Sep 032011
 
About

This mushroom and asparagus salad makes a great lunch or a light dinner. It’s also an excellent way to make your 30 grams of daily fiber quota. Enjoy!

Ingredients
  • 1 whole-wheat English muffin (or 1 slice whole-wheat bread), torn into pieces
  • 4 teaspoons grated Parmesan
  • 1/3 cup plus 2 teaspoons olive oil
  • 1/2 teaspoon kosher salt
  • Freshly ground black pepper
  • 2 tablespoons minced shallot
  • 2 tablespoons balsamic vinegar
  • 2 tablespoons reduced-sodium soy sauce
  • 2 teaspoons fresh thyme leaves, chopped, or pinch dried thyme
  • 1 1/2 pounds thin asparagus, trimmed
  • 3 cups trimmed and sliced cremini mushrooms
  • 5 cups salad greens
  • 2 hard-boiled eggs, peeled and finely chopped
Preparation

Preheat the oven to 450 degrees.
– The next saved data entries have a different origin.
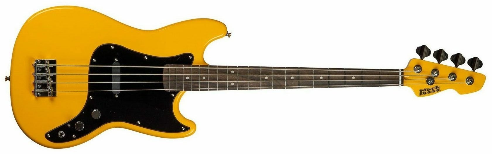 MARK BASS YELLOW LITTLE BASS est une basse électrique à 4 cordes Mark Bass Yellow Series à échelle courte avec un corps en peuplier, un manche en érable, un doigté en laurier échelle 30” avec 20 frettes Medium, des incrustations Pearl Dots, un matériel chromé, des mécaniques chromées et un pont de style Vintage à 4 sellettes. L'électronique se compose d'un micro MB Single Coil au centre avec contrôle du volume et du ton. Inclut une housse et une sangle.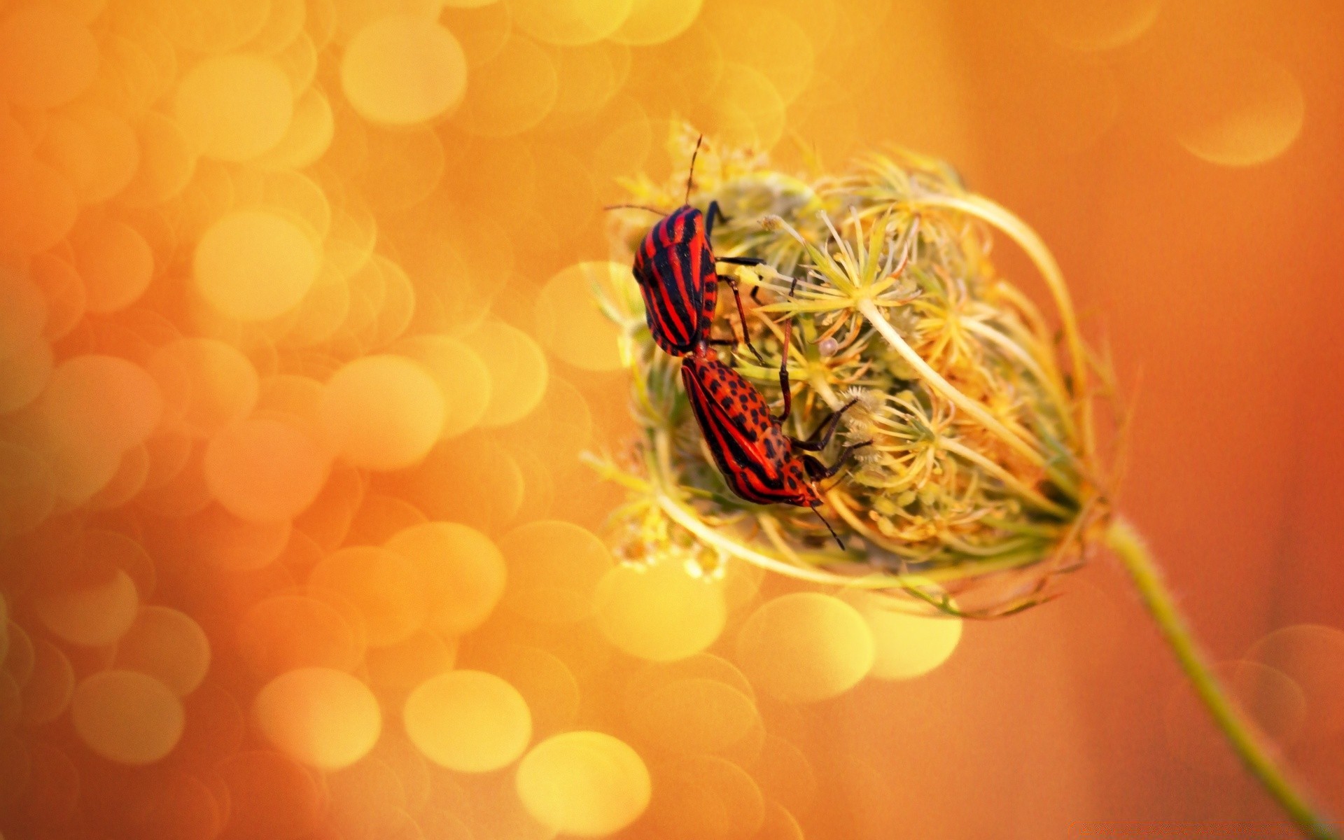 A red insect on a dandelion on an orange backgroundA red insect on a dandelion on an orange background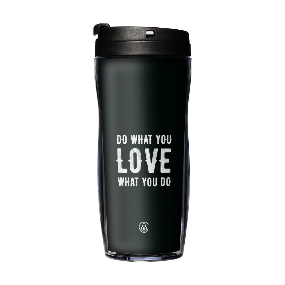 Do what you love, love what you do («Делай то, что ты любишь, люби то, что ты делаешь») — идеальная формула отношения к себе и своей работе! Емкость 350 мл. Двухслойная конструкция из пластика внутри и снаружи. Герметичная завинчивающаяся крышка с откидным клапаном для питья.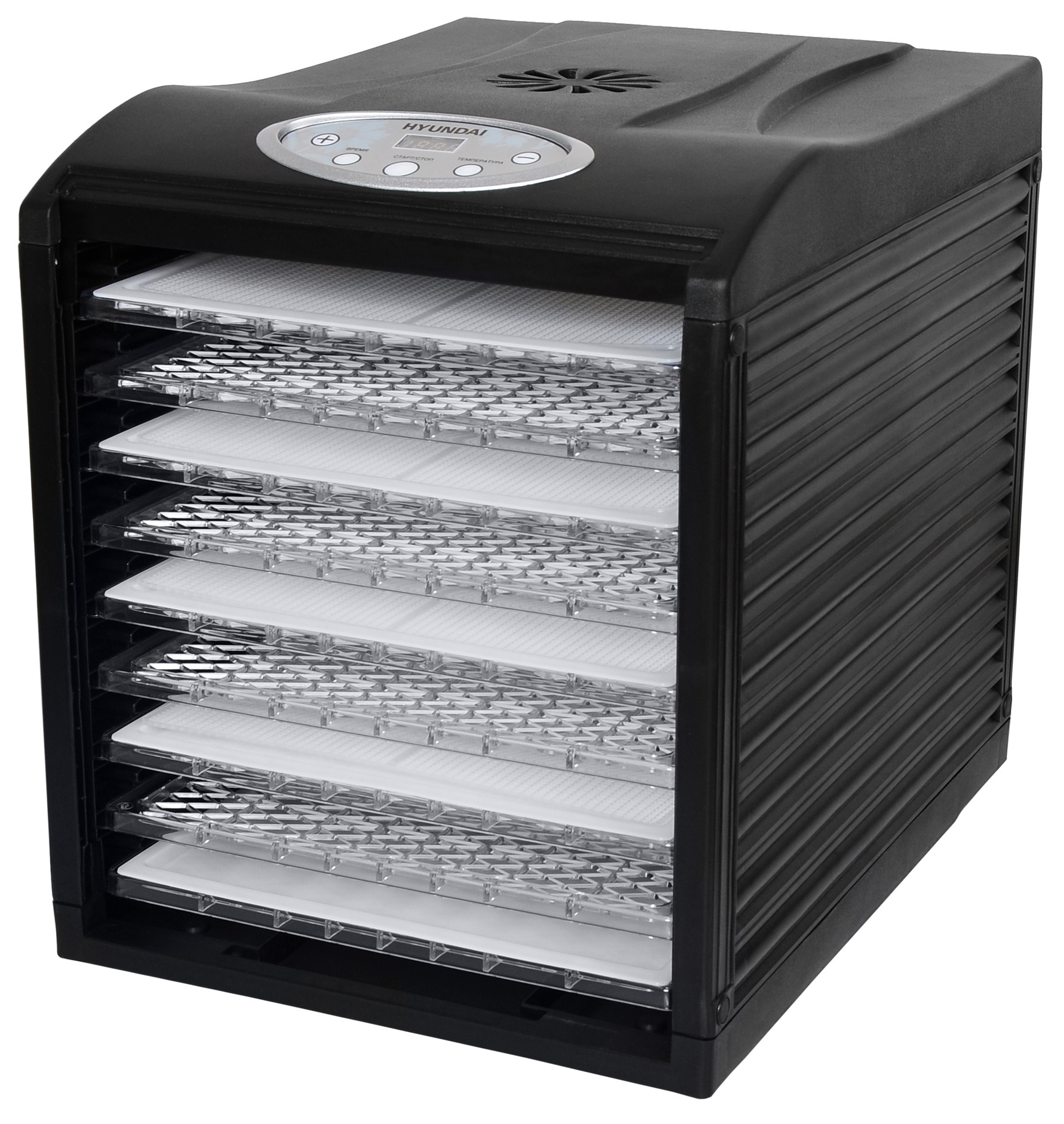 Вместительная сушилка для фруктов и овощей Hyundai HYFD-1802 – верный помощник в приготовлении вкусных и полезных домашних заготовок. В нее можно одновременно установить 9 поддонов. Одно из достоинств устройства – расширенная комплектация. Всего в комплекте с сушилкой идет 27 поддонов: 9 – стандартных сетчатых поддонов для сушки овощей и фруктов, 9 – для пастилы и 9 – для мелких продуктов типа зелени и специй. За один раз в сушилку можно загрузить до 2 кг.

In a food processor, pulse the English muffin into large, fluffy crumbs. Transfer bread crumbs to a medium bowl; toss with the Parmesan and 2 teaspoons of the oil. Season with the salt and black pepper to taste.

Whisk together remaining oil and the shallot, vinegar, soy sauce and thyme and a pinch of black pepper in a small bowl.Spread the asparagus evenly on two rimmed baking sheets. Drizzle each sheet with 2 tablespoons of the dressing; shake to coat.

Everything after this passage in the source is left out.